I don't sub to PTV, so nothing was recording. I should have received a 3am download, nothing there to stop it.


----------



## David_Levin (Apr 22, 2002)

Here's what BillR reported to be in this release (from an unnamed source)

Here is what in in the next DishPlayer Client software release:

 There are a couple of fixes on the internet side of the box that fixes the crashes that occur when you go to some web sites.
 There is a fix that makes the locals "more robust". I believe that this is the one that fixes the crashes that occurs when you change channels in your locals group (I see this bug too often).
 There are some fixes for the AC3 (Dolby Digital) dropout problem (yea).
 Fixes for the black screen (blinkouts) problem.
 Fix for the "channel changing problem" (re-boots).


NEW Features:

 Lock Feature on recorded programs. Allows you to "protect" a program from being overwritten when your drive gets full and the receiver needs to erase an old program to make room for the new recording.
 When you are paused, GO LIVE screens will now take you directly to the channel you keyed in. In the currect software if a programs is paused and you try to change channels it will tell you that you must GO Live and then when you go live you have to key in the channel again.


From dbsforums:

dbsforums threas on dishplayer epg problems


----------



## Randy_B (Apr 23, 2002)

Turn it on with the remote, not the front panel button.


----------



## chessmaster1010 (May 29, 2002)

If you didn't get this update try playing a game of solataire and then exiting. This seems to trigger the update more reliably than turning the DP off an on.


----------



## MarkA (Mar 23, 2002)

I got the update today. Seems to have made the system a little more stable, but I'll get back to ya'll in a few weeks to confirm that...


----------



## Randy_B (Apr 23, 2002)

Traditionally, with DP upgrades, within hours of the first receiver getting it there were numerous threads with reports of bugs, reboots, blinkouts and lost recordings. The fact that it is now 2 days since the upgrade and there haave been no significant howls of pain, it looks good. Fingers are still crossed however.


----------



## Joe Q (May 7, 2002)

Upgrade has gone well for me. No problems so far.


----------



## MrAkai (Aug 10, 2002)

> _Originally posted by Chris Blount _
> * On the 501, it asks for a password before erasing a protected recording. *


My 501 has never asked for a password to remove a protected recording.
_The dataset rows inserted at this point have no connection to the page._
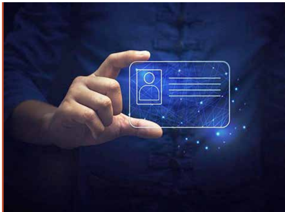
A Digitális Állampolgárság Program megvalósítását a vármegyei kormányhivatal is segíti

– Fontos változás, hogy 2024. január 1-től a Közigazgatási és Területfejlesztési Minisztérium felelősségi körébe tartozik a vármegyei kormányhivatalok működtetésének koordinációja. Október 1-től bővült a kormányhivatalok hatósági jogköre a katasztrófavédelmi területi szervekhez tartozó tűzvédelmi, iparbiztonsági, vízvédelmi és vízügyi hatósági feladatok átvételével, melynek eredményeként egy új főosztály, a Tűzvédelmi és Iparbiztonsági Hatósági Főosztály kezdte meg működését két osztállyal. Az így létrejött új főosztály működése egyszerűsítést is jelent, hiszen ezáltal egy szervezetben belül történik meg egy adott szakkérdés vizsgálata, és a döntéshozatal is. A feladatok és hatáskörök átvétele jelentős szer-
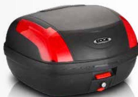
889 Baúl 46 LTS
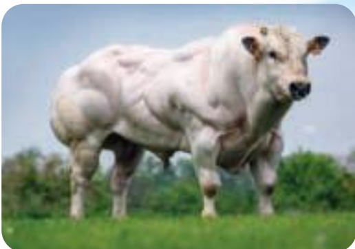
Tête de la coue
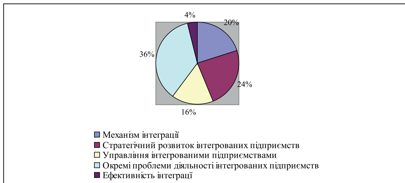
Рисунок 3. Структура тематичних проблем дисертаційних досліджень за напрямом «інтеграція підприємств та формування підприємницьких структур» за період 2000–2020 роки

Найбільшими науковими центрами з питань інтеграції підприємств та формування підприємницьких структур є НААН України, ННЦ «Інститут аграрної економіки» м. Київ (15,0%), Харківський національний економічний університет (13,0%), Національний аграрний університет м. Київ та Одеський державний економічний університет по 8,0%, Київський національний торгово-економічний університет, Хмельницький національний університет та Інститут економіки промисловості НАН України, м. Донецьк по 5,0%.
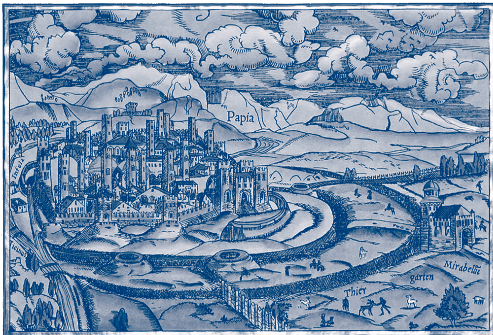
Mappa di Pavia, Sebastian Munster, 1550
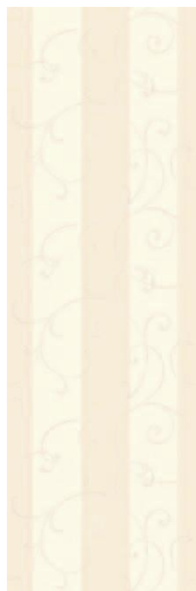
12066 Дейра светлый 25x75 Deira light
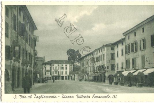
S. Vito al Tagliamento - Piazza Vittorio Emanuele III
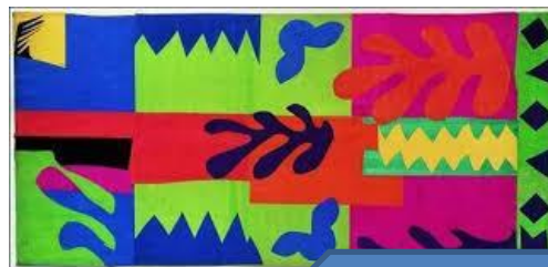
VINSKA STISKALNICA, 1951

Avtor teh slik je francoski slikar Henri Matisse (1869–1954), ki je znan po domiselni uporabi barv in velja za enega največjih umetnikov 20. stoletja. Slikal je tudi z uporabo tehnike kolaž - s tempero je barval kartončke, jih izrezoval in lepil na slike.
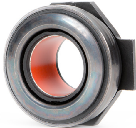
Fig. 3: Drukklagers met PTFE-bussen mogen niet van smeermiddel worden voorzien
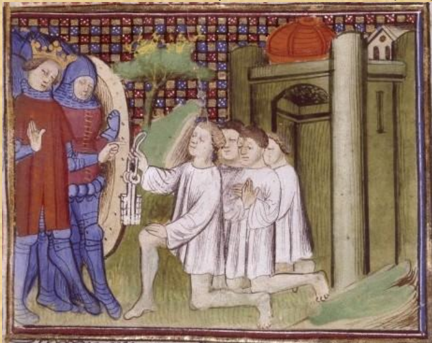
Les bourgeois de Calais, 1347 (Chronique de saint Alban du XV ème siècle)

Édouard III au siège de Calais (3 août 1347), d'après Les chroniques de Froissart, écrites de 1370 à 1400
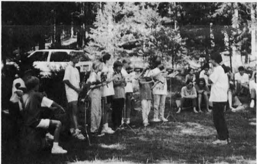
Udeleženci »Glasbe v naravi« so pred odhodom igrali za starše in goste

Letos smo se že tretjič odpravili na poletni teden »Glasba v naravi«.
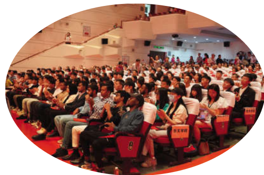
海内外集美校友嘉宾齐聚一堂

一张靓丽名片。当前,厦门市凝心聚力建设“两高两化”城市,更好地为中国式现代化探索试验、探路先行,积极建设两岸融合发展示范区,衷心希望此次全球集美校友大联欢,成为校友们激励青春梦想、分享成长收获、促进交流合作的大舞台。
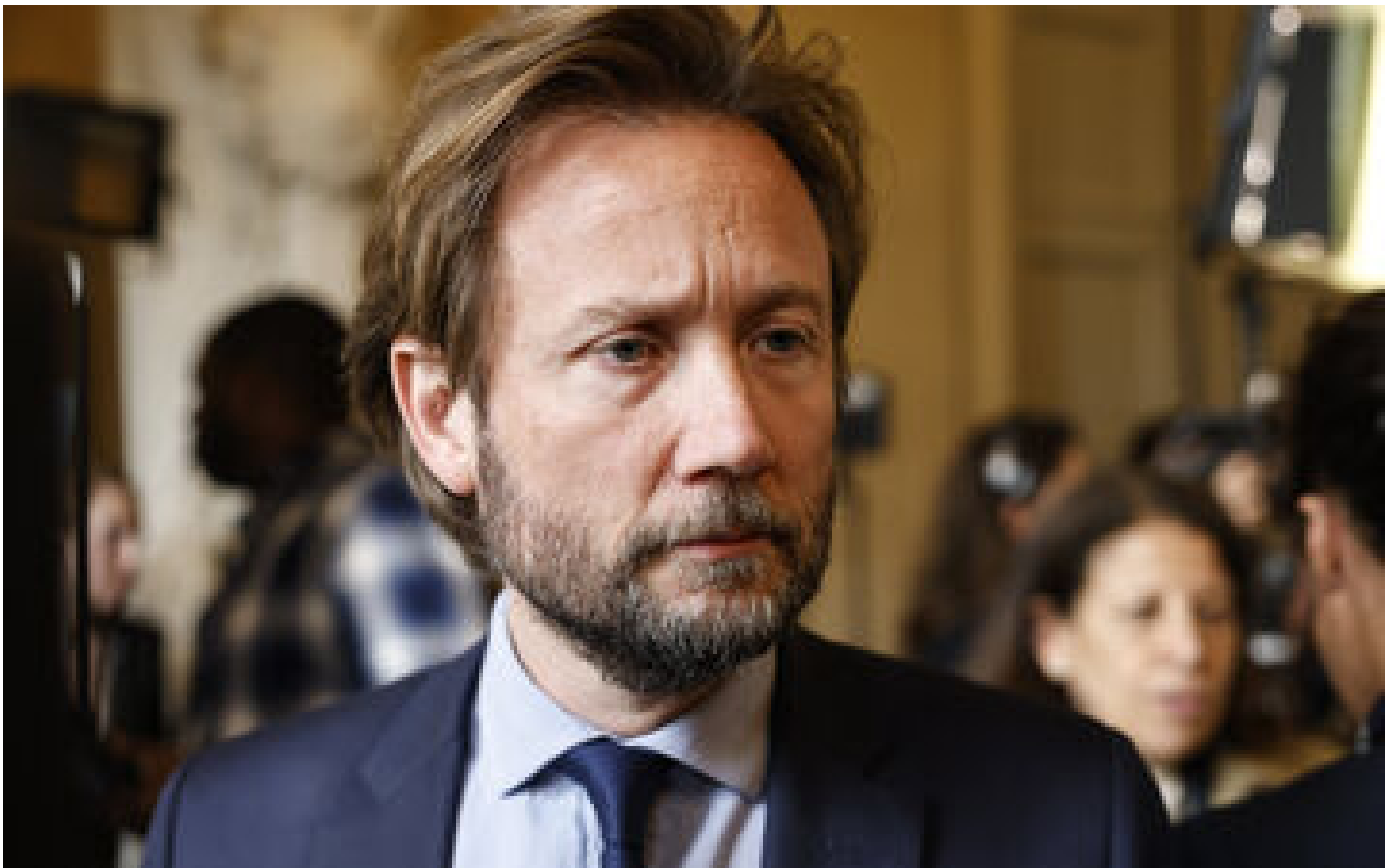
La gauche entend « relever la tête » en bataillant contre la loi immigration P
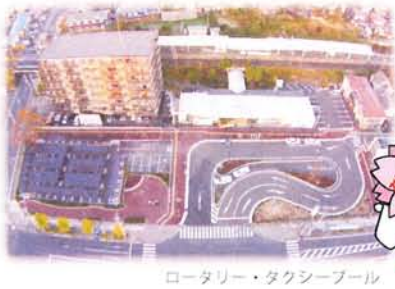
ロータリー・タクシープール

安全なロータリーとタクシープールに生まれ変わりました！桜・椿・ケヤキなど、たくさんの植栽が四季を彩ります！
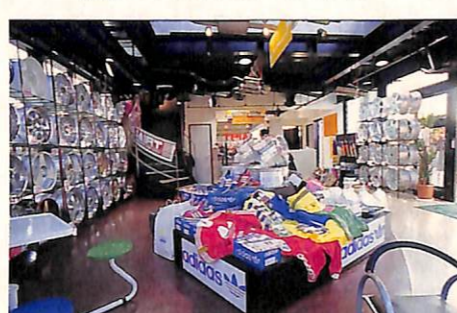
▲明るい雰囲気の内には、1階はアルミホイール、 2階はGTパーツやオーディオなど中心に豊富なライ ンアップがされる。また、ウェアやシューズなどの オリジナルグッズも陳列されている!
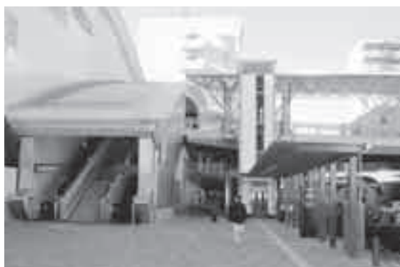
■駅近く(東口)に設置したエレベーター(中央)とエスカレーター(左)
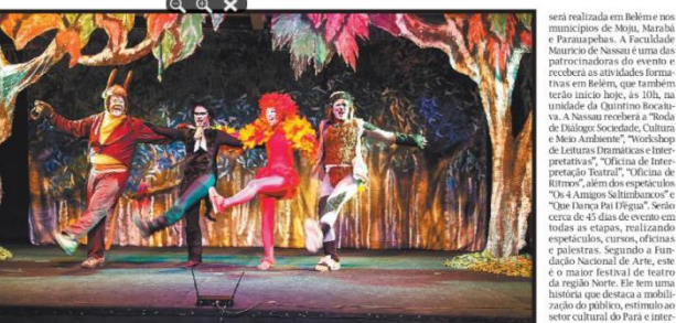
"Os 4 amigos saltilibancos" é uma live adaptação inspirada em conto dos irmãos Grimm

EM BELEM Musical "Os 4 amigos saltilibancos" aborda temáticas sociais no palco

With P165 it does confirm the delettion of any program, regardless of protection status.

are you using parental locks or something similar? I've never set any kind of password on my 501s.


----------



## Chris Blount (Jun 22, 2001)

> _Originally posted by MrAkai _
> *
> 
> My 501 has never asked for a password to remove a protected recording.
> ...


Ahh yes! I have the parental locks turned on which is why I get the password screen. Good catch. The good thing is that even with the parental locks turned off, you still get the confirmation. The DP doesn't even have that.


----------



## Joe Q (May 7, 2002)

The DP has password protection if you want to

1. lock the front panel controls

2. lock out or set programming restrictions (adult lock)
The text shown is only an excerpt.